--- To do ---
Copy out exactly the lines from the one with "全局模式需要在GLOBAL【节点选项】:点击选择线路。" through the last line of the listing below, both included, but none of the pictures.
*** Opening of Data block ***
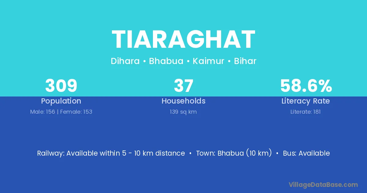 Tiaraghat village has a total population of 309 people, of which 156 are males and 153 are females.
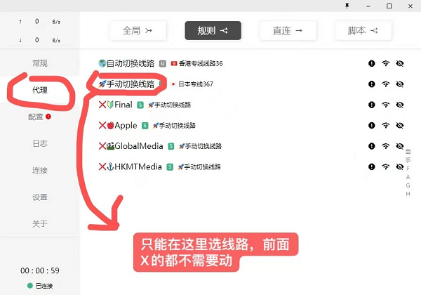 全局模式需要在GLOBAL【节点选项】:点击选择线路。
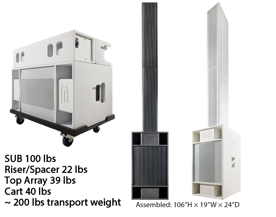 | System Type | 3-Way Active Column System: 18” sub + dual 8” mids + 1.4” HF compression driver |
*** Close of Data block ***
--- Output for this task ---
 全局模式需要在GLOBAL【节点选项】:点击选择线路。
 | System Type | 3-Way Active Column System: 18” sub + dual 8” mids + 1.4” HF compression driver |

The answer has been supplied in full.